Confocal images were obtained with the 2.6-mm probe inserted through standard 26-Fr resectoscope or with the 1.4-mm probe in standard rigid (21-Fr) or flexible (15-Fr) cystoscopes. WLC videos were recorded simultaneously and selected still images taken. By varying the probe pressure on the surface, different layers of the epithelium of the lower urinary tract were imaged. Kidneys from 2 nephrectomy patients were used for ex vivo confocal imaging of the renal cortex, pelvis, and proximal ureter. Topical fluorescein was applied ex vivo in 1 kidney, while intravenous fluorescein was given before division of the renal hilum in the other. Imaged tissue locations were biopsied or resected and sent for pathologic analysis with hematoxylin and eosin (H&E) staining. Acquired confocal video sequences were edited and analyzed after the procedure and compared with H&E-stained tissue.

Mosaicing Algorithm

The mosaicing algorithm (Mauna Kea Technologies) is an image-processing technique that compiles a series of consecutive images into a single larger composite image that effectively increases the FOV.16,17 It is based on a hierarchical framework that recovers a globally consistent alignment of input frames to compensate for distortions induced by the relative motion of imaged tissue with respect to the probe.18

Image Selection Criteria

After real-time confocal video sequences were acquired, videos were processed offline before image characteristics were analyzed. Video clips and still images of interest were extracted from the original sequences. Clips were selected based on clarity of images and probe contact time longer than 2 seconds. Mosaics were created using the algorithm described above. Processed confocal images were reviewed with 2 pathologists (K.C.J., A.H.B.) and compared with corresponding H&E stains. Diagnostic criteria representative of different types of bladder cancer were selected based on reproducibility and correspondence to H&E histology. Imaging characteristics that were easily recognizable and reproducible by the urologist (J.C.L.) were chosen for use as diagnostic criteria. Representative images for the atlas were chosen based on resemblance to corresponding H&E images as well as image quality, taking into account motion and lens artifacts and level of staining.

RESULTS

To compile the imaging atlas, 566 real-time confocal video sequences from 66 study participants (mean age 71 years, range 28–90 years) were analyzed. The mean duration of confocal image acquisition was 15.5 minutes per participant. Average probe dwell time for each area was 11.4 seconds and the average number clips per area was 4.3. There were no adverse events related to pCLE or fluorescein administration, other than transient fluorescence- stained urine. No differences were noted in histology quality of tissue treated with IV or intravesical fluorescein.

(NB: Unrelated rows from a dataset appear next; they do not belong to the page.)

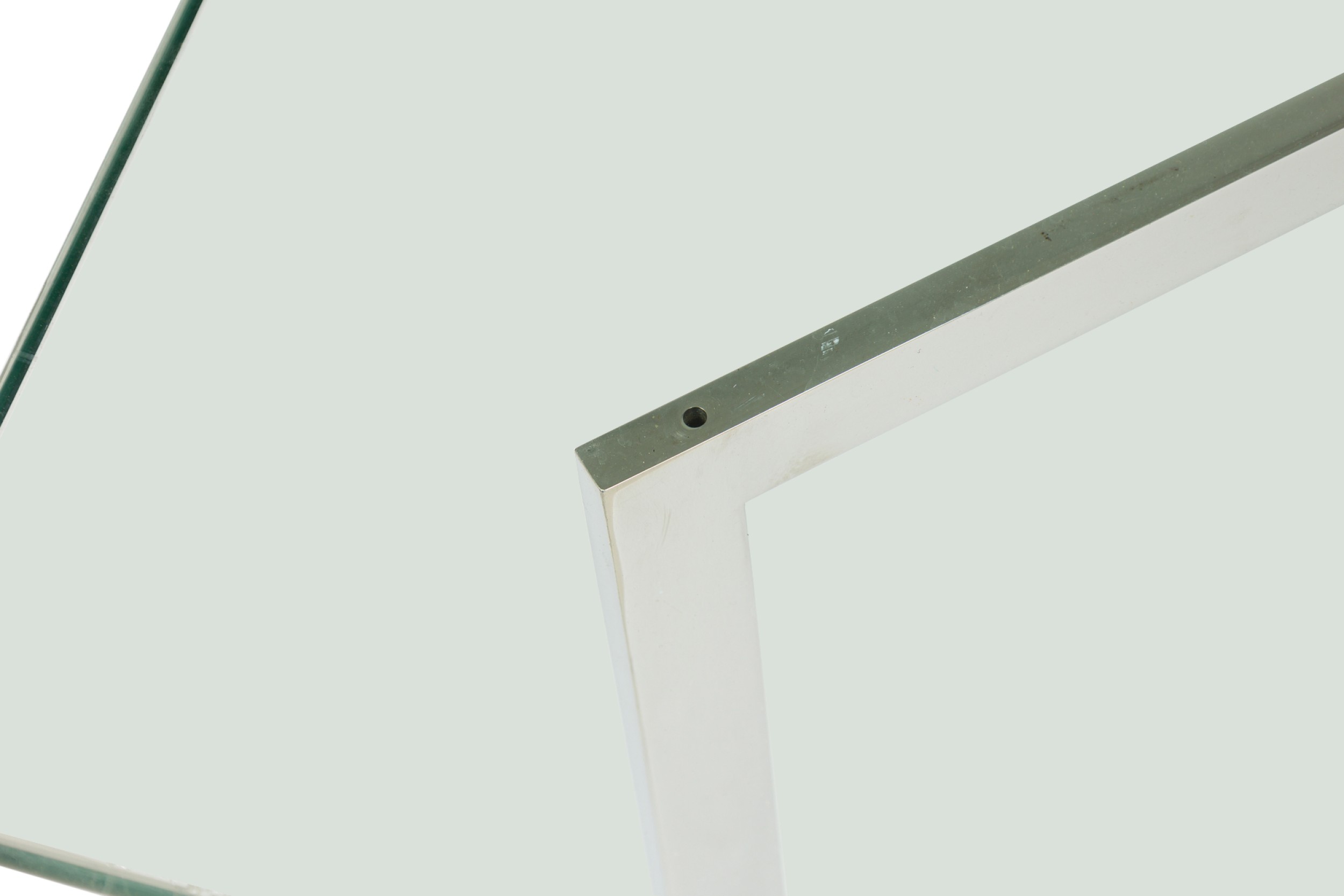American Mid-Century "Barcelona" stainless steel chrome square coffee table with an "X" design under a glass top (KP (Knoll Products) stamp on the frame's underside; MIES VAN DER ROHE for KNOLL)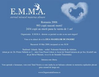 Organizatia E.M.M.A. doreste ca parintii sa stie ca nu sunt singuri. Duminica, pe 10 mai fii alaturi de ei la Ziua Mamelor de Ingeri, eveniment care va consta in aprinderea de lumanari, rostirea rugaciunii Tatal Nostru si inaltarea la cer a unor baloane colorate in memoria copilasilor plecati prea curand dintre noi.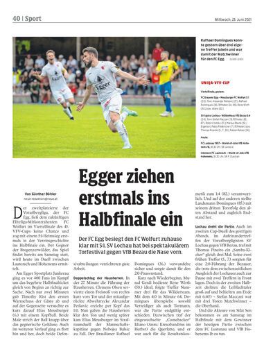Der FC Egg besiegt den FC Wolfurt zuhause klar mit 5:1. SV Lochau hat bei spektakulärem Torfestival gegen VfB Bezau die Nase vorn.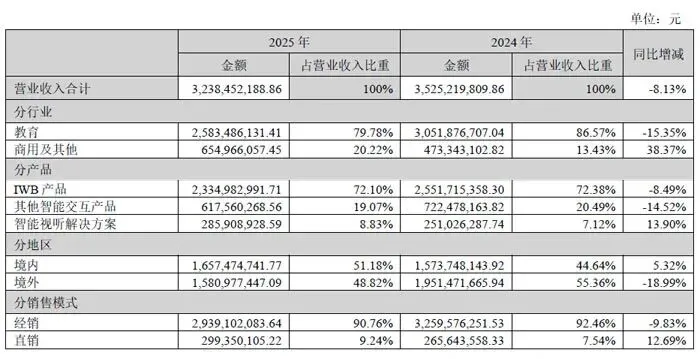 2025 年,受全球市场需求波动、教育行业存量主导等因素影响,公司核心教育板块实现收入 25.83 亿元,占营业收入比重 79.78%,同比下降 15.35%,但仍为公司营收基石。值得关注的是,商用及其他领域表现亮眼,实现收入 6.55 亿元,占比 20.22%,同比大幅增长 38.37%,成为拉动公司增长的关键动力。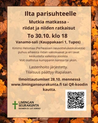 Tapahtuma toteutuu, mikäli ilmoittautuneita on vähintään viisi. Ilmoittaudu mukaan ma 13.10. klo 16 mennessä: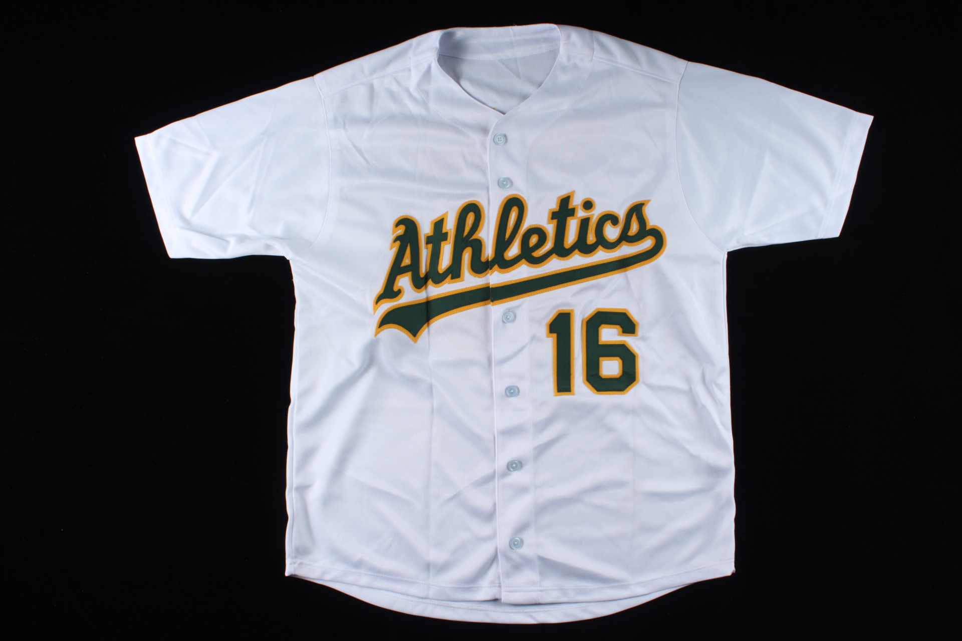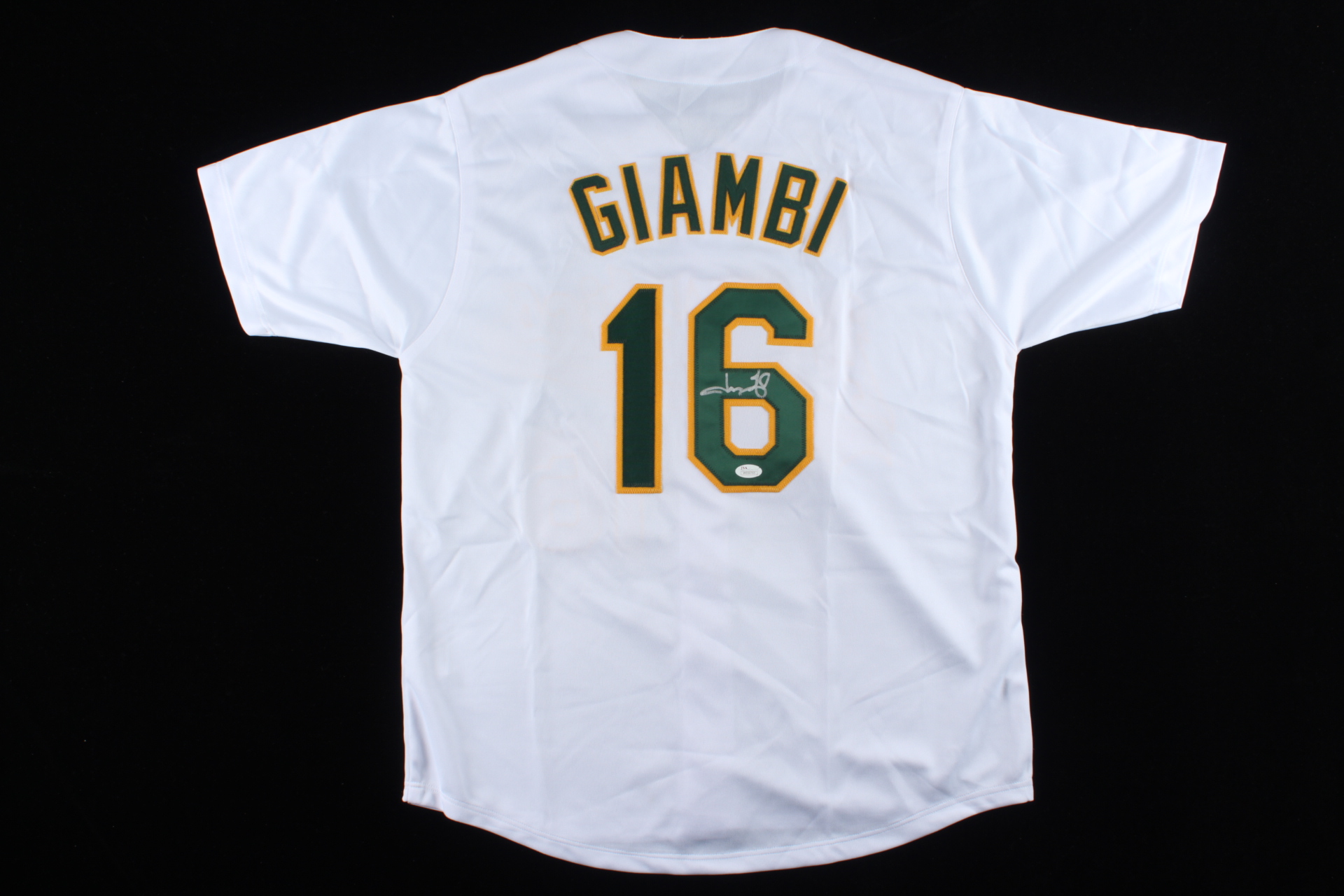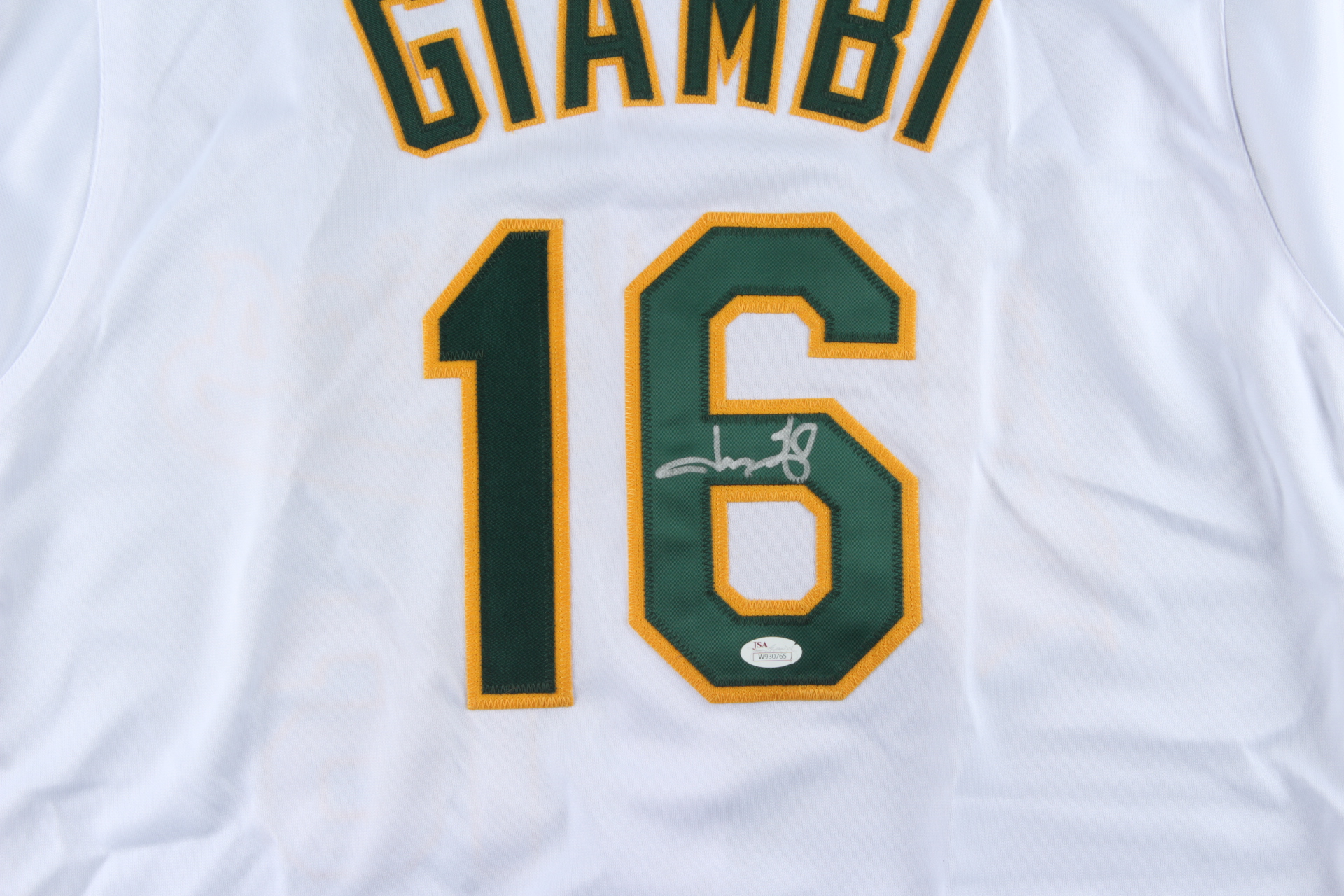 Custom on-field style jersey. Everything sewn on, size XL. Hand-signed by Jason Giambi.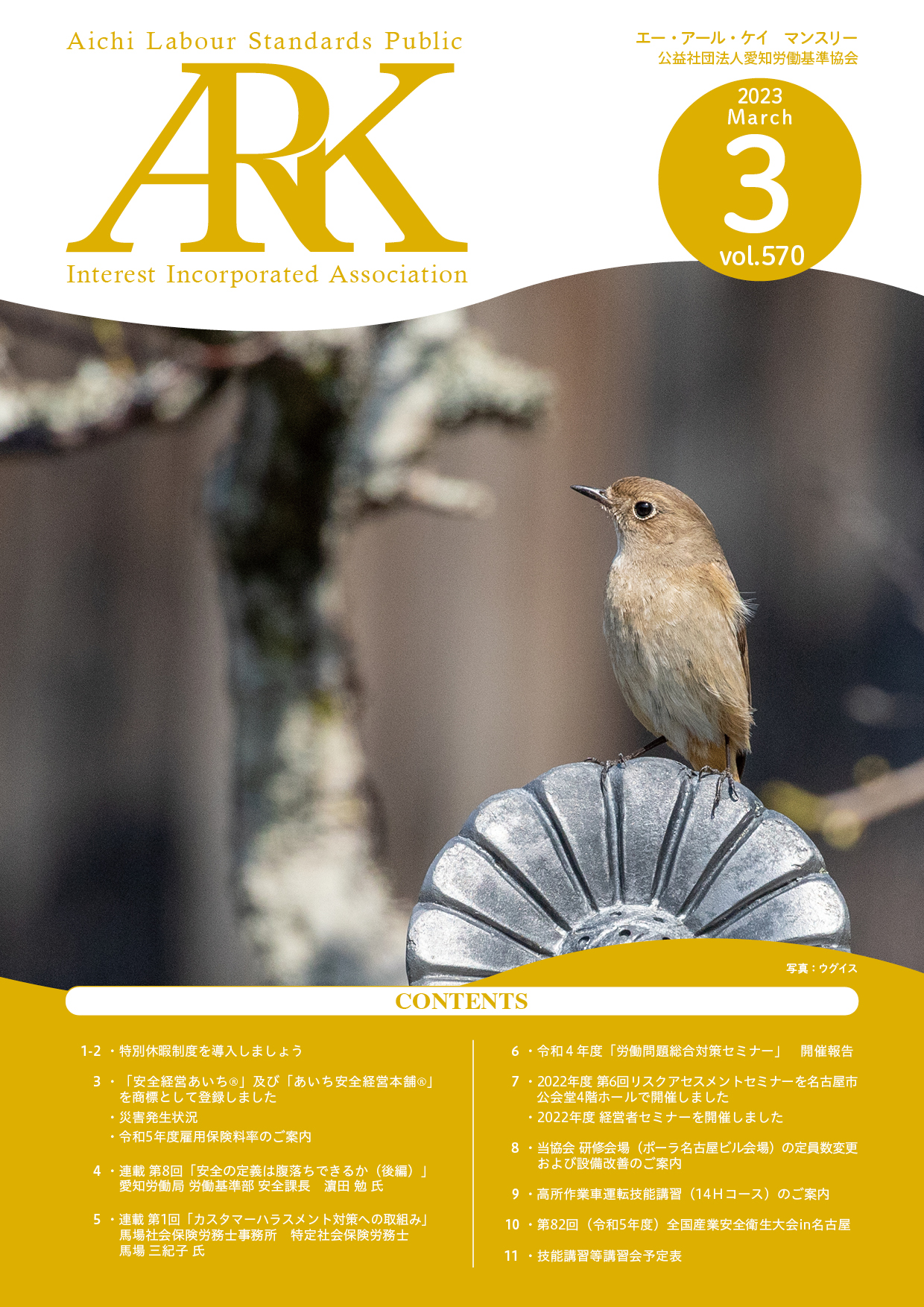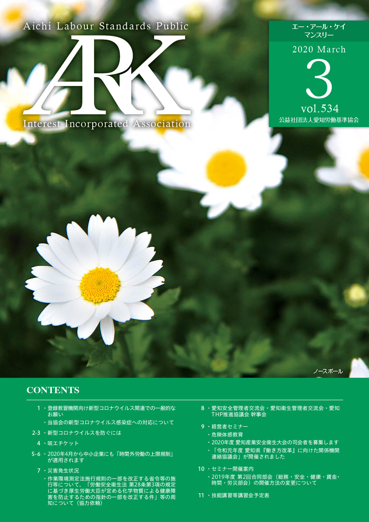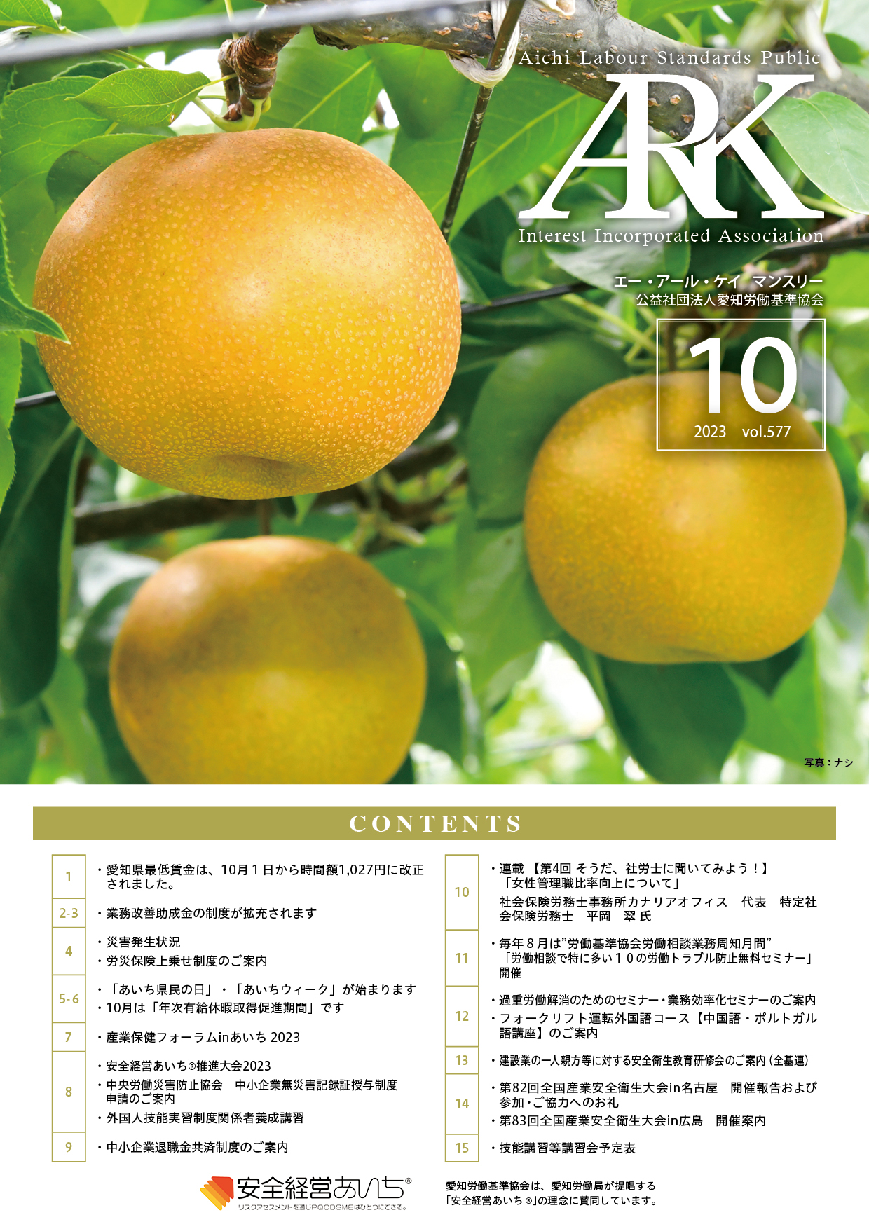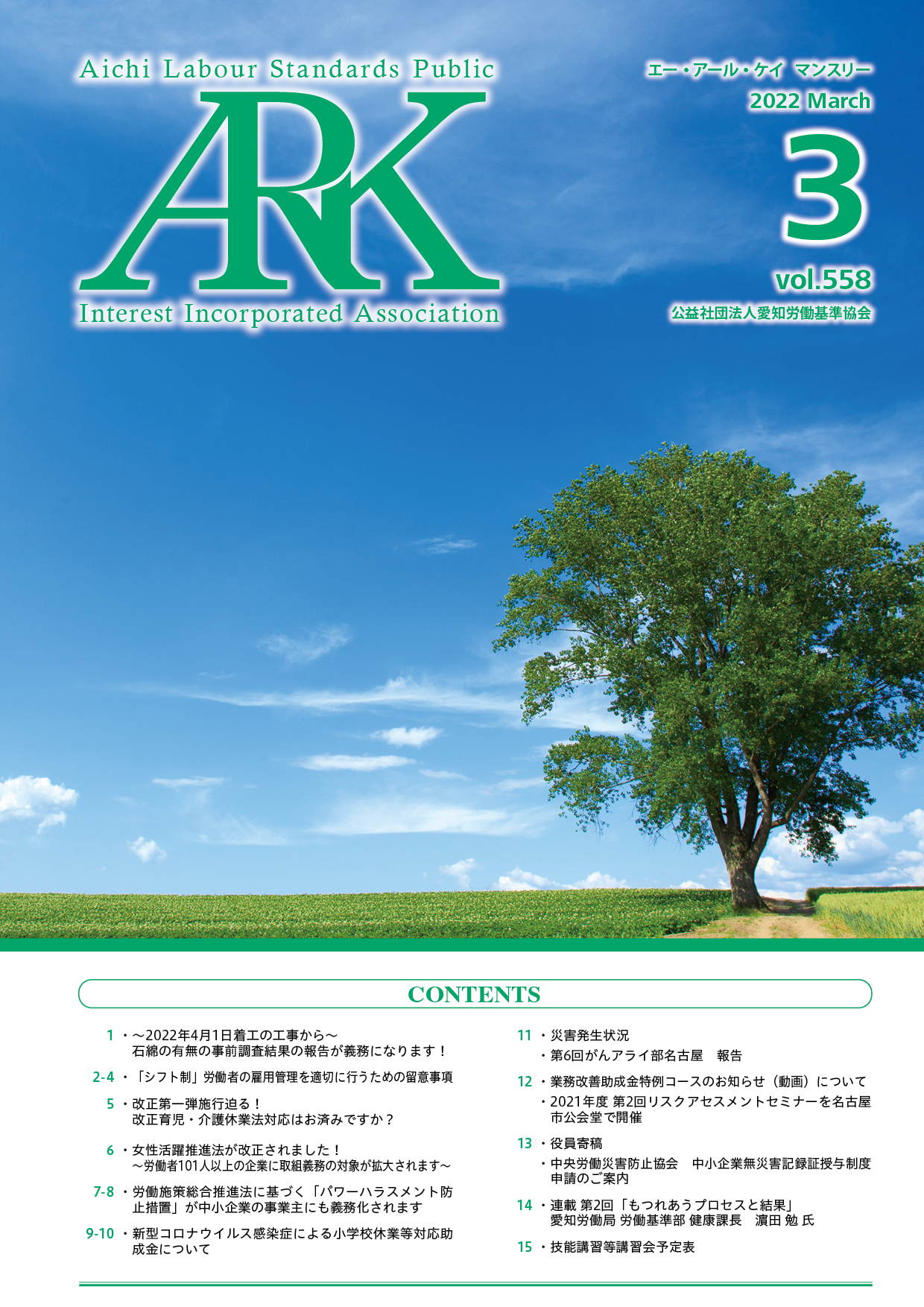 愛知労働基準協会では会報誌「ARKマンスリー」を発行しています。バックナンバーをご覧いただけます。
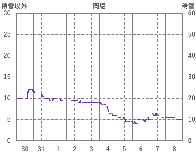 | 日 | 時 | 気温 | 降水 | 風向/風速 | 日照 | 積雪 | 降雪 |
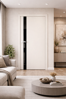 Дверь ПО SHIK 4 Слоновая кость стекло черное из Экошпона (Двери Нева) в с установкой и доставкой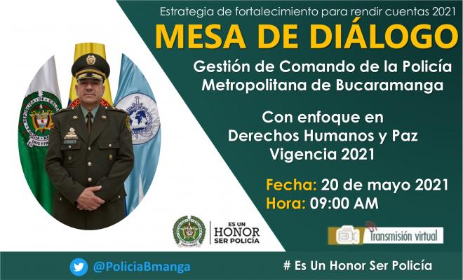 Nos complace en invitar a la Mesa De Diálogo sobre Gestión de Comando de la Policía Metropolitana de Bucaramanga con enfoque en Derechos Humanos y Paz a los integrantes de las juntas de acción comunal, gremios, redes de participación cívica, a los integrantes de las juntas de acción comunal, a las autoridades político administrativas, integrantes de veedurías ciudadanas, juntas administradoras locales, escuelas de seguridad, policía cívica de mayores, frentes de seguridad, a líderes o delegados de las poblaciones vulnerables, afrodescendientes, raizales y palanqueros, indígenas, comunidad LGTBI+, defensores de derechos humanos, ONGS, sindicalistas, trabajadoras sexuales, periodistas y comunidad en general que deseen participar acto que se realizará el día 20 de mayo del 2021, a partir de las 09:00 de la mañana de forma virtual, se pueden conectar a través de nuestro Facebook live en la cuenta Radio Policía Bucaramanga 91.7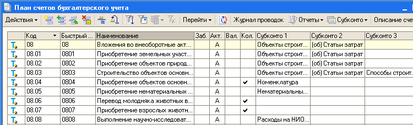 Учет затрат, формирующих первоначальную стоимость объектов основных средств, в программе ведется на счете 08 «Вложения во внеоборотные активы» с использование субсчетов 08.01 «Приобретение земельных участков», 08.02 «Приобретение объектов природоиспользования», 08.03 «Строительство объектов основных средств» и 08.04 «Приобретение отдельных объектов основных средств» Рис.10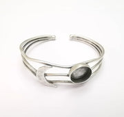 Crescent Moon Bracelet Blank Resin Bezel Cabochon Cuff Base Setting Adjustable Bracelet Antique Silver Plated Brass (14mm Bezel) G33099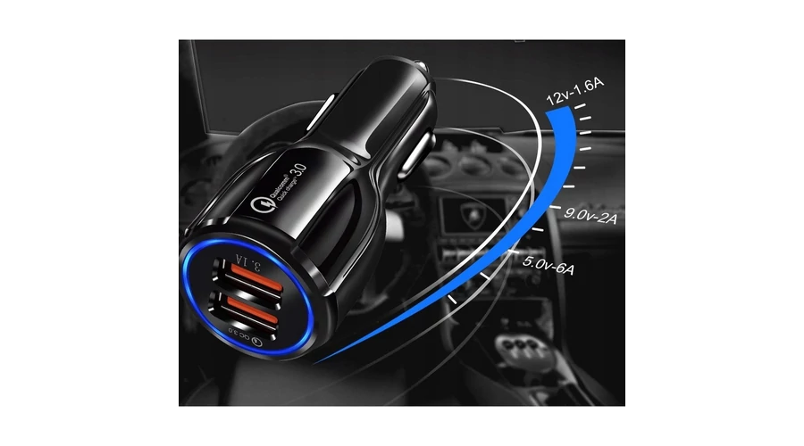 | Smart Dual USB szivargyújtós töltő adapter - 5V/3,1A/9V/2A/12V/1,6A - Smart QC3.0 Car Charger - Qualcomm Quick Charge 3.0 - black | |

We evaluated mosaicing, an image processing technique that juxtaposes overlapping frames into a single composite image, thus expanding the FOV while improving overall image resolution. Figure 1 shows representative mosaics of the umbrella cell layer of normal urothelium (Fig. 1A) and prostatic urethra (Fig. 1B). Compared with individual image frames (figure inset), the composite mosaics expanded the FOV by up to 5-fold (from 0.24 to 1.27 mm). The characteristic polygonal-shaped umbrella cells, visualized in vivo, were reminiscent of the ex vivo images of umbrella cells obtained using more powerful desktop confocal microscopes.20,21 The glandular structures visualized through the prostatic urethra after IV fluorescein administration are consistent with benign prostatic glands.

Figure 1.

Figure 1

Confocal image processing with mosaicing algorithm that generates panoramic view of the tissue microarchitecture with improved clarity compared to single image frames (inset). (A) Normal bladder urothelium showing umbrella cell layer: note the characteristic large polygonal-shaped cells. (B) Normal prostate imaged through prostatic urethra with multiple dark prostate glands within the white stroma. Note the mosaics significantly increased the overall field of view by ~5-fold.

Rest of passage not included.